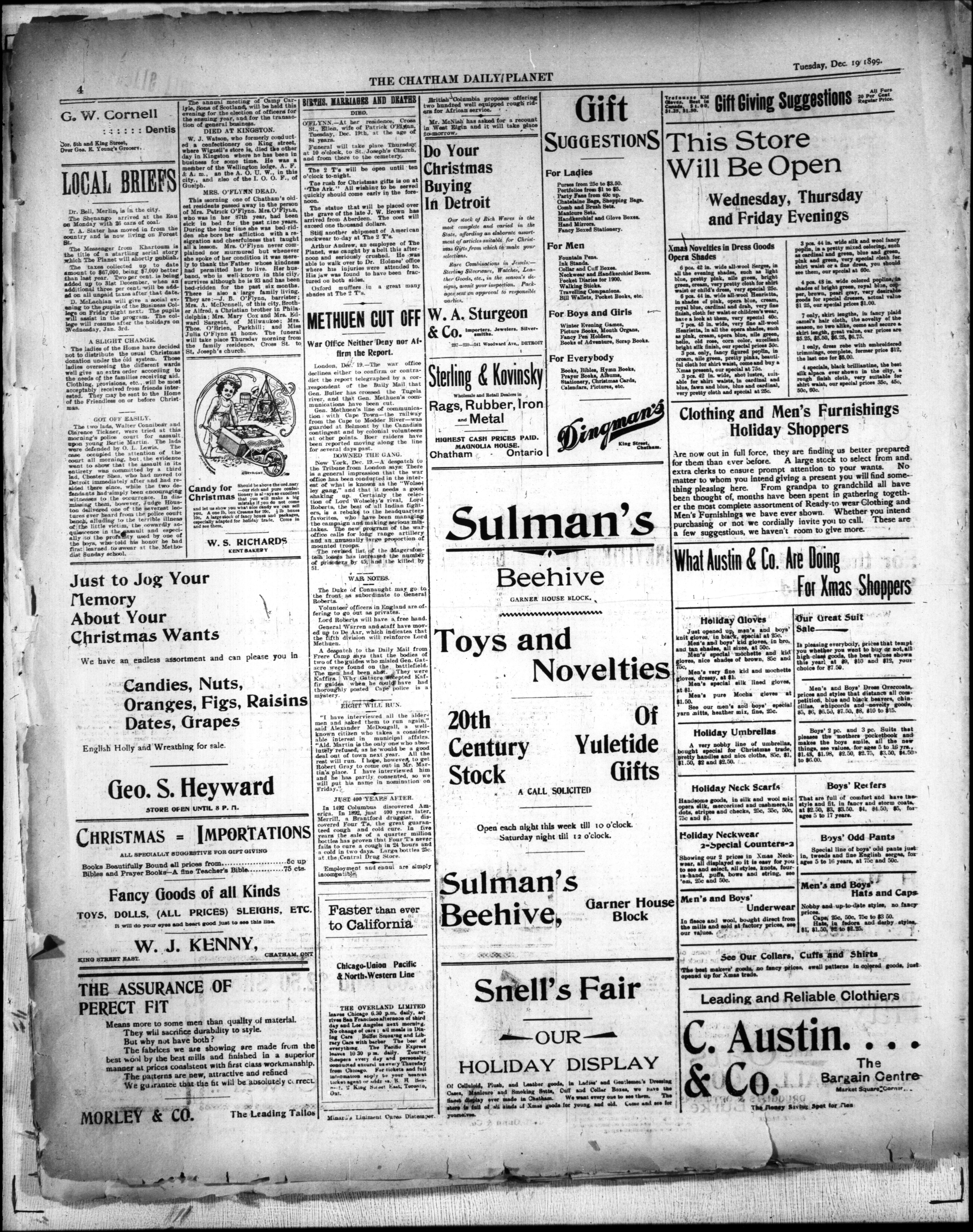 - The Chatham Daily Planet : Vol. IX, No. 3 (December 19, 1899)
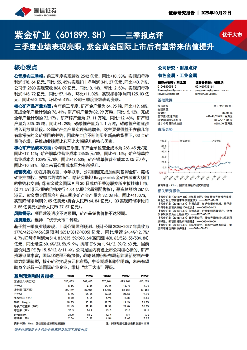 2025-10-22-國信證券-紫金礦業(yè)-三季報點評:三季度業(yè)績表現(xiàn)亮眼,紫金黃金國際上市后有望帶來估值提升
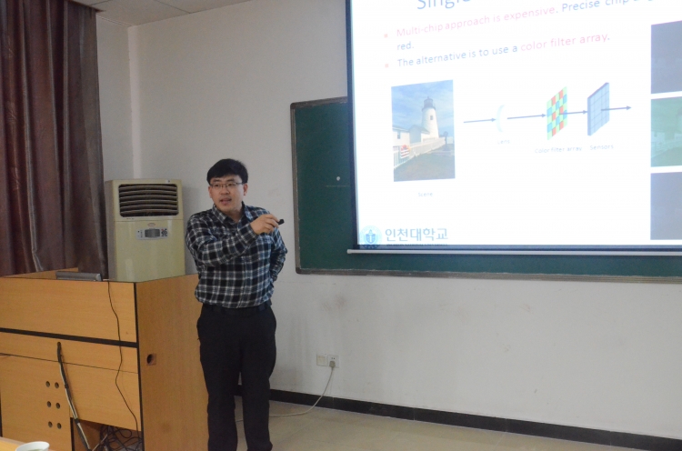 11月20日上午,应学院王谨副教授邀请,韩国仁川大学Gwanggil Jeon副教授在北校区西大楼Ⅲ-405进行了题为“CFA Color Image Reconstruction in Frequency Domain”的精彩学术报告。报告会由学院副经理邵晓鹏教授主持。部分教师和相关专业员工参加了报告会。
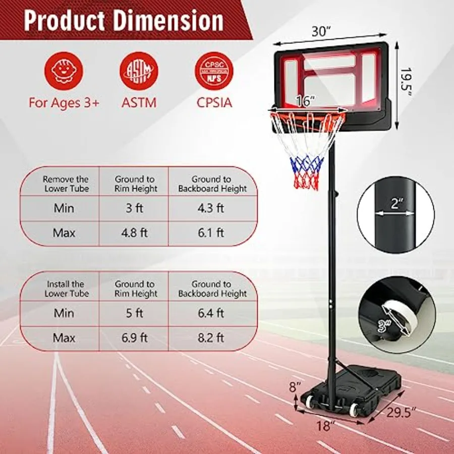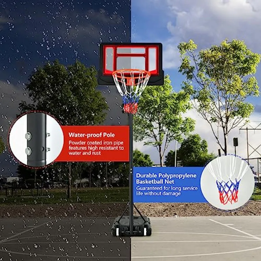 This portable basketball hoop system features an adjustable height range from 4.3 ft to 8.2 ft, making it ideal for kids, teens, and family play. Built for both indoor and outdoor use, it offers a durable and weather-resistant design that stands up to regular practice and recreational games. The integrated ball storage keeps equipment organized and easily accessible, while the stable base provides reliable support during play. Perfect for driveways, backyards, garages, or indoor courts, this adjustable basketball goal delivers versatile performance for players of all skill levels.
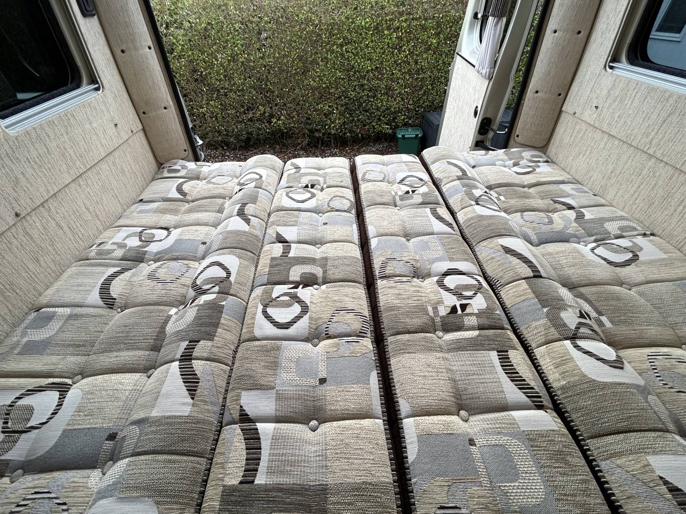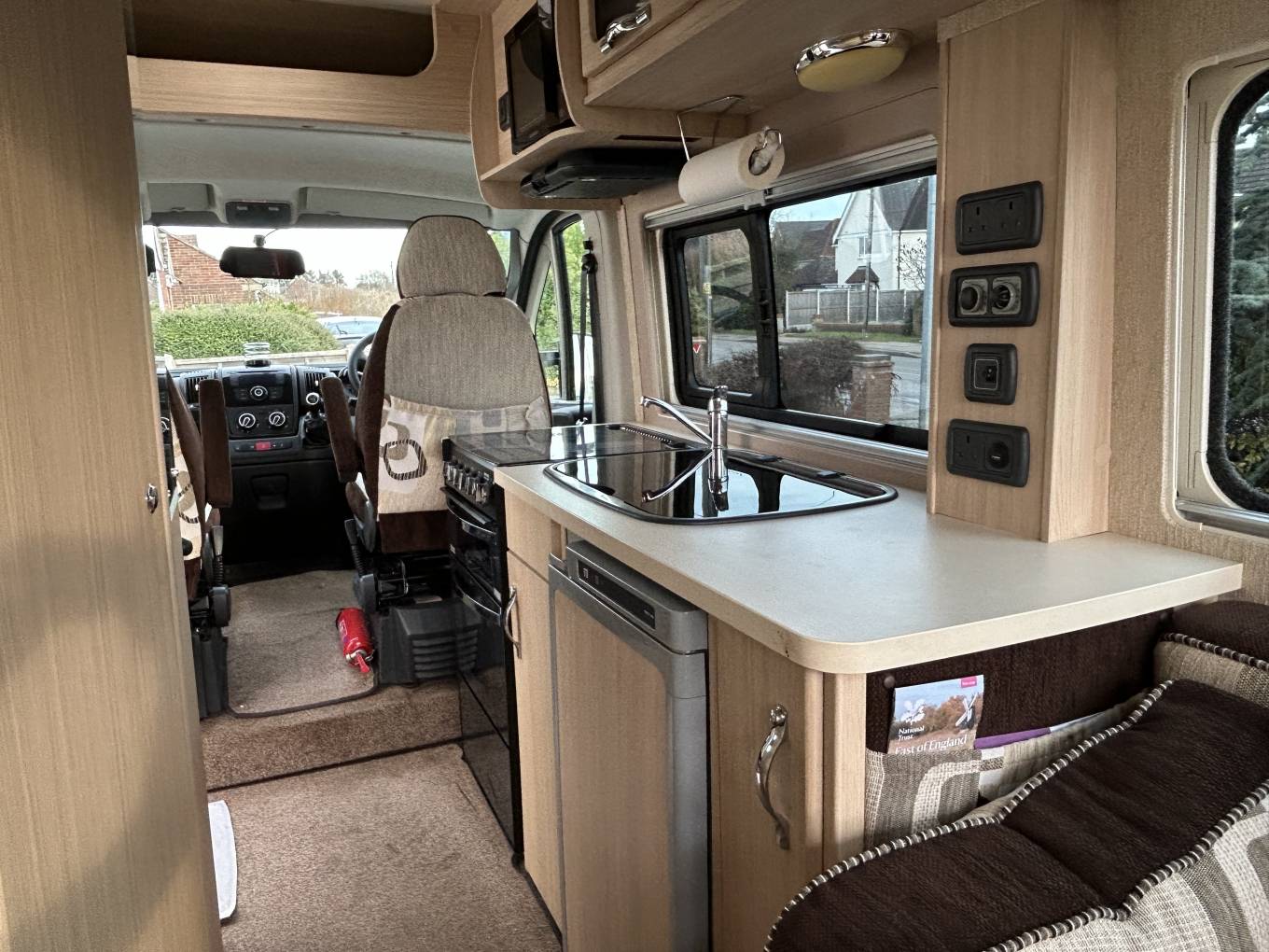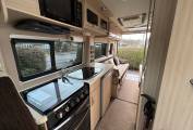 The kitchen is very well equipped so you'll have no excuses for not rustling up great food on the go. There is a dual-fuel hob with an electric hot plate and 3 gas burners, an oven and grill as well as a microwave, so whether you are on a site with electric or wild camping on gas, you are perfectly catered for.
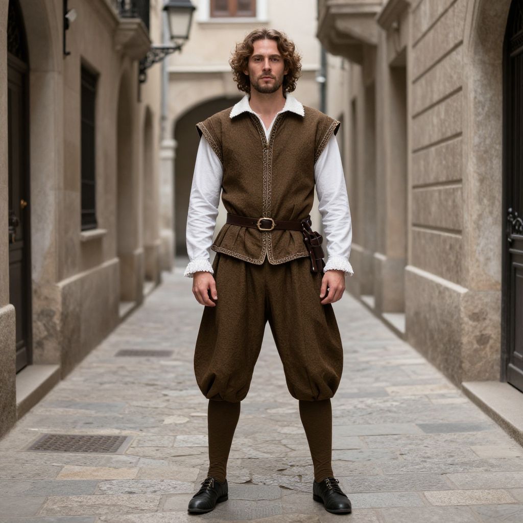 Photograph of a Caucasian man with curly brown hair and a beard, standing in a narrow, stone-paved alleyway. He wears a white shirt with puffy sleeves, a brown, sleeveless, buttoned vest with a belt, and brown puffed pants. Black leather boots complete his outfit. The background shows beige stone buildings with black iron window grates and a lantern on the left. The image has a medieval, fantasy aesthetic, with the man's attire suggesting a historical or Renaissance-inspired character. The alleyway is slightly blurred, drawing focus to the man in the foreground.
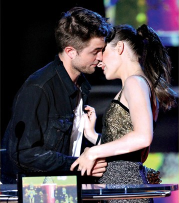 《新月》受追捧主要因為男女一號羅伯特·帕丁森與克里斯蒂·斯圖爾特的化學(xué)作用。而在戲外,兩人也是好萊塢的一對“明星情侶”。昨日,摘得“最佳接吻”獎的兩人當(dāng)場為在座觀眾獻(xiàn)上一吻,引來尖叫無數(shù)。
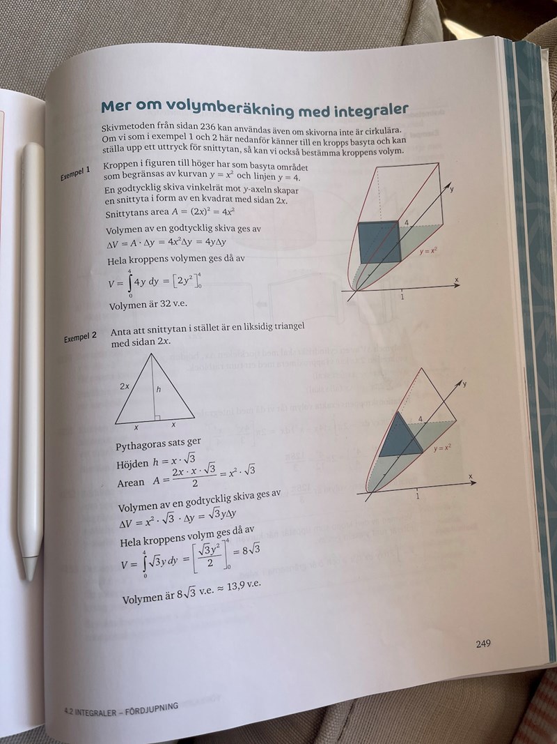 Hej! I uppgiften och i exemplet som är bifogat står det att skivorna är vinkelräta mot y-axeln. Stämmer det verkligen i uppgift 3344, är det inte mot x-axeln? Lade även upp min lösning då jag har en fråga, varför ska man uttrycka arean i y? Förstår inte riktigt vad man ska uttrycka arean i (y resp x)
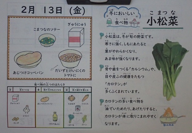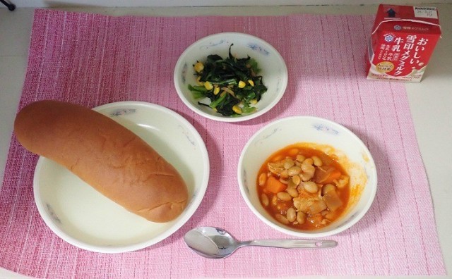 「大豆と鶏肉のトマト煮」は、さっぱりしたトマト味の酸味が魅力の献立です。鶏肉がとてもやわらかく調理されていて、ほくほくの大豆と一緒においしくいただきました。食べ応え満点の献立でした。今日の「小松菜のソテー」には、コーンが入っていていろどりもあざやかです。味だけでなく、見た目も楽しんでおいしくいただきました。
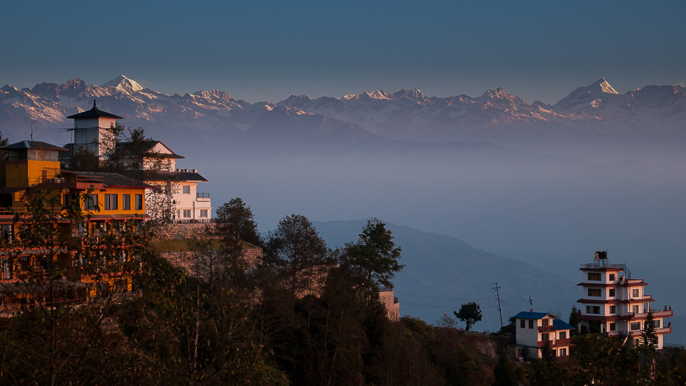 Wschód słońca w Nagarkot z widokiem na Langtang.
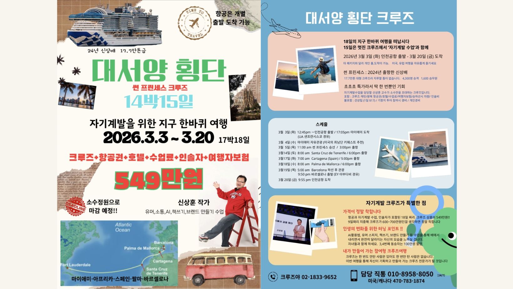 • 특징: 한국 유명 작가 신상훈 동행, 유머·책쓰기·브랜드 만들기 등 선상 강의 진행
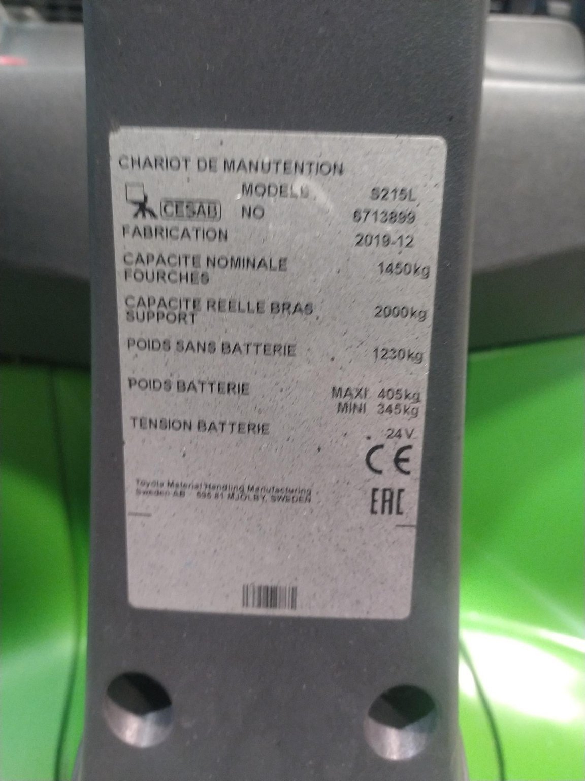 MarqueCESABHauteur de levée2.7Capacité de levage1200ÉnergieÉlectrique
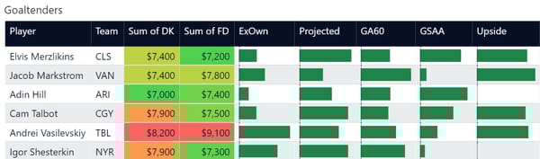 Elvis Merzlikins - CLS (DK: $7400, FD: $7200)
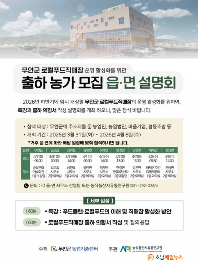 À̹ø ¼³¸íȸ´Â ±âÁ¸ Âü¿©³ó°¡¿Í ½Å±Ô Âü¿©¸¦ Èñ¸ÁÇÏ´Â ³ó¾÷ÀÎÀ» ´ë»óÀ¸·Î ÁøÇàµÇ¸ç ¡ã¸À¶ã¹«¾È ¸Ô°Å¸® ÅëÇÕÇ÷§Æû ±¸Ãà»ç¾÷ ¼³¸í ¡ã·ÎÄÃǪµå Á÷¸ÅÀå ¿î¿µ ÀýÂ÷ ¾È³» ¡ãÃâÇÏ ÀÇÇâ Á¶»ç ¹× ÇöÀå »ó´ã µîÀ¸·Î ±¸¼ºµÈ´Ù.
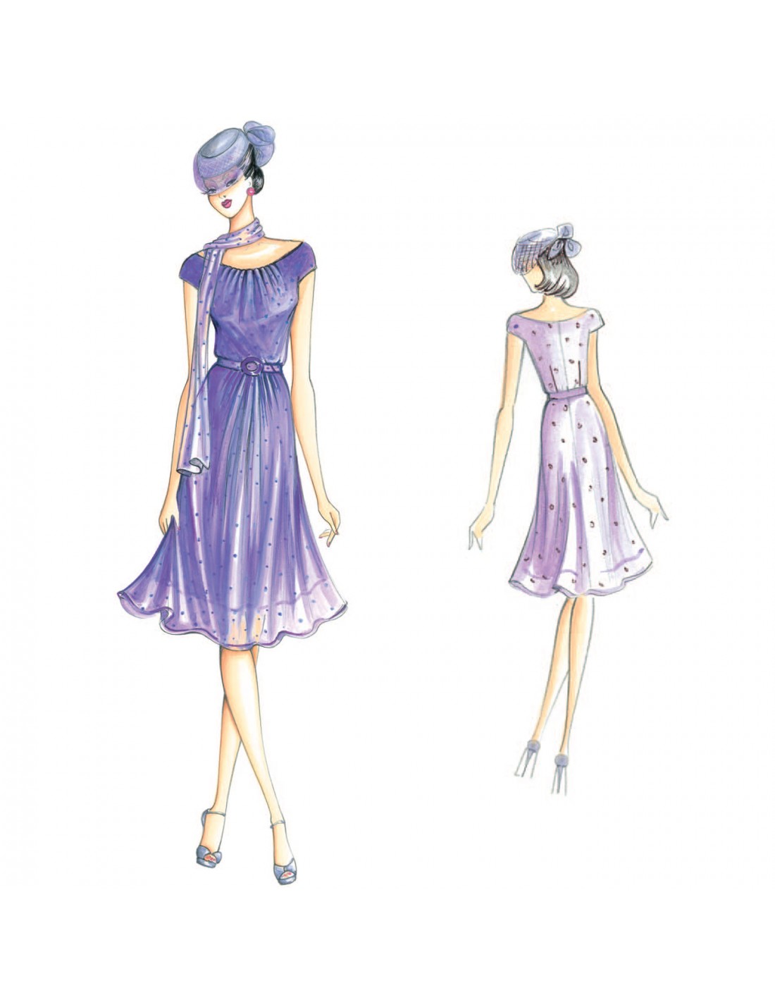 Vestido para hacer de gasa o punto de seda, escote barca y pequeños pliegues para dar soltura, falda al bies y cinturón para marcar el talle.

-=-=-

→ **Activity**:
Exact copies of all the entries, without any pictures, are what the answer must contain.

→ **Exercise result**:
 - The Chatham Daily Planet : Vol. IX, No. 3 (December 19, 1899)
 2025-10-22-國信證券-紫金礦業(yè)-三季報點評:三季度業(yè)績表現(xiàn)亮眼,紫金黃金國際上市后有望帶來估值提升
 11月20日上午,应学院王谨副教授邀请,韩国仁川大学Gwanggil Jeon副教授在北校区西大楼Ⅲ-405进行了题为“CFA Color Image Reconstruction in Frequency Domain”的精彩学术报告。报告会由学院副经理邵晓鹏教授主持。部分教师和相关专业员工参加了报告会。
 This portable basketball hoop system features an adjustable height range from 4.3 ft to 8.2 ft, making it ideal for kids, teens, and family play. Built for both indoor and outdoor use, it offers a durable and weather-resistant design that stands up to regular practice and recreational games. The integrated ball storage keeps equipment organized and easily accessible, while the stable base provides reliable support during play. Perfect for driveways, backyards, garages, or indoor courts, this adjustable basketball goal delivers versatile performance for players of all skill levels.
 The kitchen is very well equipped so you'll have no excuses for not rustling up great food on the go. There is a dual-fuel hob with an electric hot plate and 3 gas burners, an oven and grill as well as a microwave, so whether you are on a site with electric or wild camping on gas, you are perfectly catered for.
 Photograph of a Caucasian man with curly brown hair and a beard, standing in a narrow, stone-paved alleyway. He wears a white shirt with puffy sleeves, a brown, sleeveless, buttoned vest with a belt, and brown puffed pants. Black leather boots complete his outfit. The background shows beige stone buildings with black iron window grates and a lantern on the left. The image has a medieval, fantasy aesthetic, with the man's attire suggesting a historical or Renaissance-inspired character. The alleyway is slightly blurred, drawing focus to the man in the foreground.
 《新月》受追捧主要因為男女一號羅伯特·帕丁森與克里斯蒂·斯圖爾特的化學(xué)作用。而在戲外,兩人也是好萊塢的一對“明星情侶”。昨日,摘得“最佳接吻”獎的兩人當(dāng)場為在座觀眾獻(xiàn)上一吻,引來尖叫無數(shù)。
 Hej! I uppgiften och i exemplet som är bifogat står det att skivorna är vinkelräta mot y-axeln. Stämmer det verkligen i uppgift 3344, är det inte mot x-axeln? Lade även upp min lösning då jag har en fråga, varför ska man uttrycka arean i y? Förstår inte riktigt vad man ska uttrycka arean i (y resp x)
 「大豆と鶏肉のトマト煮」は、さっぱりしたトマト味の酸味が魅力の献立です。鶏肉がとてもやわらかく調理されていて、ほくほくの大豆と一緒においしくいただきました。食べ応え満点の献立でした。今日の「小松菜のソテー」には、コーンが入っていていろどりもあざやかです。味だけでなく、見た目も楽しんでおいしくいただきました。
 Wschód słońca w Nagarkot z widokiem na Langtang.
 • 특징: 한국 유명 작가 신상훈 동행, 유머·책쓰기·브랜드 만들기 등 선상 강의 진행
 MarqueCESABHauteur de levée2.7Capacité de levage1200ÉnergieÉlectrique
 Elvis Merzlikins - CLS (DK: $7400, FD: $7200)
 À̹ø ¼³¸íȸ´Â ±âÁ¸ Âü¿©³ó°¡¿Í ½Å±Ô Âü¿©¸¦ Èñ¸ÁÇÏ´Â ³ó¾÷ÀÎÀ» ´ë»óÀ¸·Î ÁøÇàµÇ¸ç ¡ã¸À¶ã¹«¾È ¸Ô°Å¸® ÅëÇÕÇ÷§Æû ±¸Ãà»ç¾÷ ¼³¸í ¡ã·ÎÄÃǪµå Á÷¸ÅÀå ¿î¿µ ÀýÂ÷ ¾È³» ¡ãÃâÇÏ ÀÇÇâ Á¶»ç ¹× ÇöÀå »ó´ã µîÀ¸·Î ±¸¼ºµÈ´Ù.
 Vestido para hacer de gasa o punto de seda, escote barca y pequeños pliegues para dar soltura, falda al bies y cinturón para marcar el talle.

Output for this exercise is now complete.